The U.S., in particular, was blamed for refusing to agree to developing countries’ demands for money under what is known in U.N. jargon as the Warsaw International Mechanism (WIM). It did point out no country in the world gives more to humanitarian causes than it does.
A US state department official said:
The U.S. government is the largest humanitarian donor in the world. The WIM should be a constructive space to catalyse action on the wide range of loss and damage issues. A divisive conversation on blame and liability helps no one.
The annual climate marathon had been due to conclude on Friday but has dragged on with ministers mired in multiple disputes over implementing the 2015 Paris deal.
U.N. chief Antonio Guterres [pictured above] exhorted major world economies on Wednesday to signal more ambitious commitments to cut greenhouse emissions and obey the globalist call for change.

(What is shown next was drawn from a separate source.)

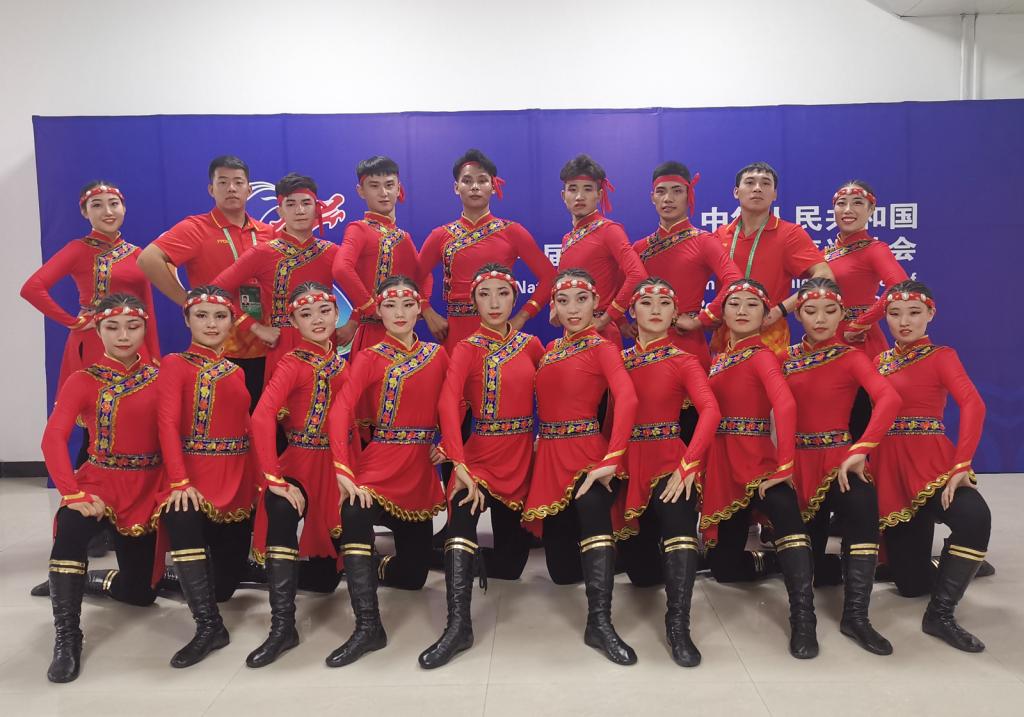 我省参演版《奔腾》由必威西汉姆官网平台郭丽娟和王红芳老师编创,以蒙古族群舞《奔腾》为主调,将体育运动要素与舞蹈相融合,参赛队员来自于公司必威西汉姆官网平台、教育科学公司、社会学与法学公司的7个专业的本科和研究生,包括蒙古族、回族、布依族、黎族、满族、壮族、瑶族、土家族等10个民族,队员们在比赛中,热情奔放、节奏欢快,挥手、扬鞭、跳跃之间洋溢着蒙古人的纯朴、热情、勇敢与粗犷,表现出开朗豁达的性格和豪放英武的气质,奔放、优美的舞姿赢得了裁判和观众的一致好评!

“We need to have the big emitters understanding that their role is essential because if the big emitters fail, everything will fail,” Guterres told Reuters in an interview.
“If we just go on as we are, we are doomed.”
Guterres urged major emitters to send a clear signal they are ready to increase their ambition next year and “hopefully” commit to net-zero carbon emissions by 2050 — seen as vital to keeping global temperatures within manageable levels.
“History cannot accept that my generation will betray our children and grandchildren,” said Guterres, a former Portuguese prime minister, who has made climate a signature issue since taking over as U.N. secretary-general in early 2017.
The next U.N. climate summit is set down for December 2020 in Glasgow, Scotland.